(PS; This chapter is from the girl's pov)
She woke to the sound of something dripping. It was slow and rhythmic.
For a moment she didn't open her eyes. Her body was still heavy with sleep, limbs slow and uncooperative like she had been dragged out of a deep dream too quickly.
Then the smell reached her. The smell of stale air mixed with dust and old wood.
Her eyes snapped open.
The ceiling above her was not the one she had slept under. Yellowed paint cracked with thin spiderweb lines spreading from the corners. A dim light flickered somewhere outside the room, throwing weak shadows across the walls.
She pushed herself upright slowly, her hair falling messily across her face.
Another mission.
She rubbed her eyes with the sleeve of her oversized hoodie and looked around.
She was sitting on the floor of a narrow hallway inside a strange house. The wooden boards creaked softly when she shifted her weight.
Seven people stood scattered across the corridor. Some was confused and frightened.
One man was already pacing back and forth nervously. And then she saw him. Across the hallway. It was the boy.
Her eyes narrowed slightly.
Him again?
He stood a few steps away from the others, shoulders tense, scanning the house with sharp attention. His posture was different from the forest mission. He was more focused this time, more active in scanninghis surroundings.
But she recognized him immediately. The boy who survived by hiding. The one who watched. The one who panicked alot and the one who was not panicking now.
Her brows knitted together. Coincidence? This was her fifth mission. And in five missions she had never once seen the same participant twice.
Not once.
Yet here he was.
He noticed her at the same moment. Their eyes met across the hallway. Neither of them spoke.
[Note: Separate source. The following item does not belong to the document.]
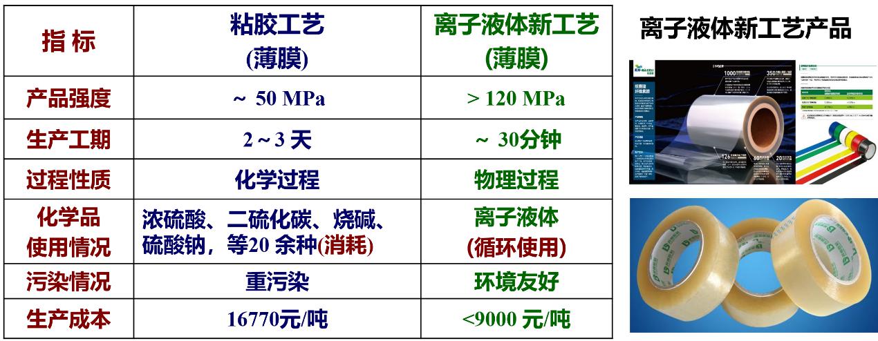 圖8 纖維素膜的傳統粘膠工藝與離子液體新工藝指標對比

For a few seconds they just stared at each other like strangers who shared a secret they couldn't say aloud.
Then a translucent panel appeared in the air before them.
[Orientation Phase 3]
[Location: Unknown Residence
Participants: 7]
The message shifted.
[Mission Type: Puzzle Trial]
A quiet murmur passed through the group.
The girl tilted her head slightly.
Puzzle mission. That was… unusual. Another message appeared accompanied by a voice they all heard, but was from no where.
[Trial Rules
• The house contains 7 locked rooms
• Each room contains a puzzle
• Solve the puzzle and find the key before the timer expires]
A red line appeared beneath the text. The voice kept talking, repeating what was written.
[Failure Condition:
If the timer reaches 00:00:00, the room will be cleansed.]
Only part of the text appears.